Как видно, пессимистическая концепция русской истории Мережковского произвела на Мандельштама тяжелое впечатление, надолго осела в памяти, стала предметом рефлексии и была отторгнута; в этом контексте становится понятным недописанное стихотворение 1915 года:
- Какая вещая Кассандра
- Тебе пророчила беду?
- О будь, Россия Александра,
- Благословенна и в аду!
Если Мандельштам отвечает Мережковскому в этих стихах, то не только на его романы и пьесу, но наверняка и на публицистику – на такие статьи, как «Зимние радуги» (сб. «Больная Россия»), где Мережковский буквально пророчествуя, рассказывает о петербургском знамении, предвещающем апокалиптического Бледного Коня и всадника, имя которому – смерть: «Смерть России – жизнь Петербурга; может быть, и наоборот, смерть Петербурга – жизнь России?»[44] Для Мандельштама определенно жизнь Петербурга означает и жизнь России, и свою собственную судьбу он от этой жизни не отделяет.

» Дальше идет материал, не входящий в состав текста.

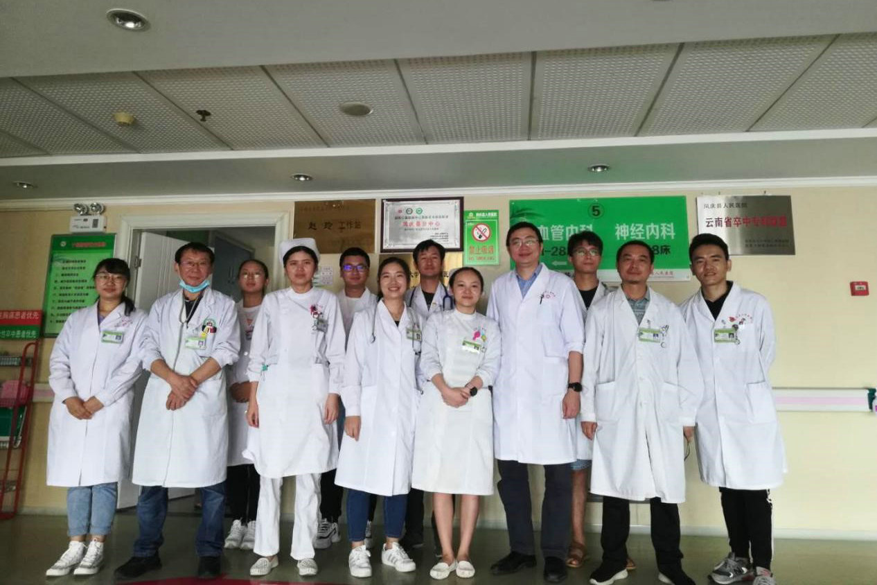 林永青副教授(右四)與鳳慶縣人民醫院心內科同事
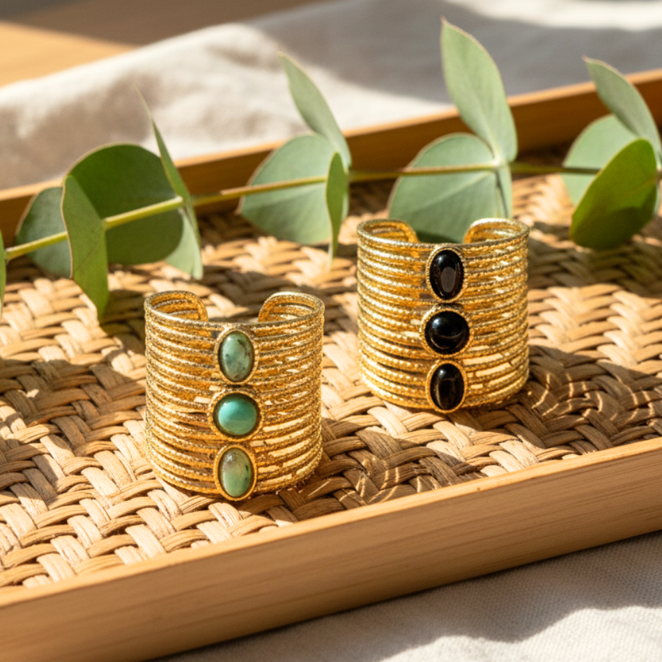 Damenring aus mehrreihigem Gold, Edelstahl mit Natursteinen

Резкий перелом петербургского сюжета Мандельштама приходится на стихотворный диптих 1916 года, вошедший затем в сборник «Tristia» (1922):
- Мне холодно. Прозрачная весна
- В зеленый пух Петрополь одевает,
- Но, как медуза, невская волна
- Мне отвращенье легкое внушает.
- По набережной северной реки
- Автомобилей мчатся светляки,
- Летят стрекозы и жуки стальные,
- Мерцают звезд булавки золотые,
- Но никакие звезды не убьют
- Морской воды тяжелый изумруд.
- В Петрополе прозрачном мы умрем,
- Где властвует над нами Прозерпина.
- Мы в каждом вздохе смертный воздух пьем,
- И каждый час нам смертная година.
- Богиня моря, грозная Афина,
- Сними могучий каменный шелом.
- В Петрополе прозрачном мы умрем, —
- Здесь царствуешь не ты, а Прозерпина.
Эти стихи, по словам М.Л. Гаспарова, «как бы опровергают былой оптимизм “Адмиралтейства”: вода отвратительна, воздух прозрачен, как в царстве теней, в этом воздухе – опасные стрекозы-аэропланы, звезды по-прежнему враждебно-колючи, и Афина (чья статуя стояла в вестибюле Адмиралтейства) уступает власть царице мертвых Прозерпине»[45]. Действительно, этот прозрачный Петрополь – не тот Петербург, который наполнял своими архитектурными образами мандельштамовские эстетические идеи первой половины 1910-х годов. Теперь идет речь о смерти в городе смерти. Н.Я. Мандельштам видела в этих стихах «первый приступ эсхатологических предчувствий» Мандельштама[46]; если это и так, то пока эти предчувствия не имеют вселенского масштаба (как будет позже в «Стихах о неизвестном солдате», 1937) – пока они локализуются в Петербурге. Живой каменный город, несущий в своем облике историческую память, еще недавно населенный для Мандельштама героями прошлого и литературными персонажами, превращается вдруг в прозрачное и призрачное[47] залетейское царство (в мандельштамовских стихах 1920 года «прозрачность» станет устойчивой характеристикой загробного мира). Меняется имя города: реальный Петербург, уже к тому времени переименованный в Петроград, становится у Мандельштама стилизованным Петрополем (именно это название, первоначально данное Петербургу[48], закрепилось как поэтическое имя города в стихах Ломоносова, Державина, в «Медном Всаднике» Пушкина), а затем постепенно Петрополь превращается в некрополь в сознании Мандельштама. Когда в 1922 году Н.П. Анциферов приписал постскриптум к своему исследованию «души Петербурга»: «Петрополь – превращается в Некрополь»[49], – он имел в виду реальную историческую судьбу Петербурга в послереволюционные годы. Но в 1916-м – что могло так резко повлиять на мандельштамовское отношение к любимому городу?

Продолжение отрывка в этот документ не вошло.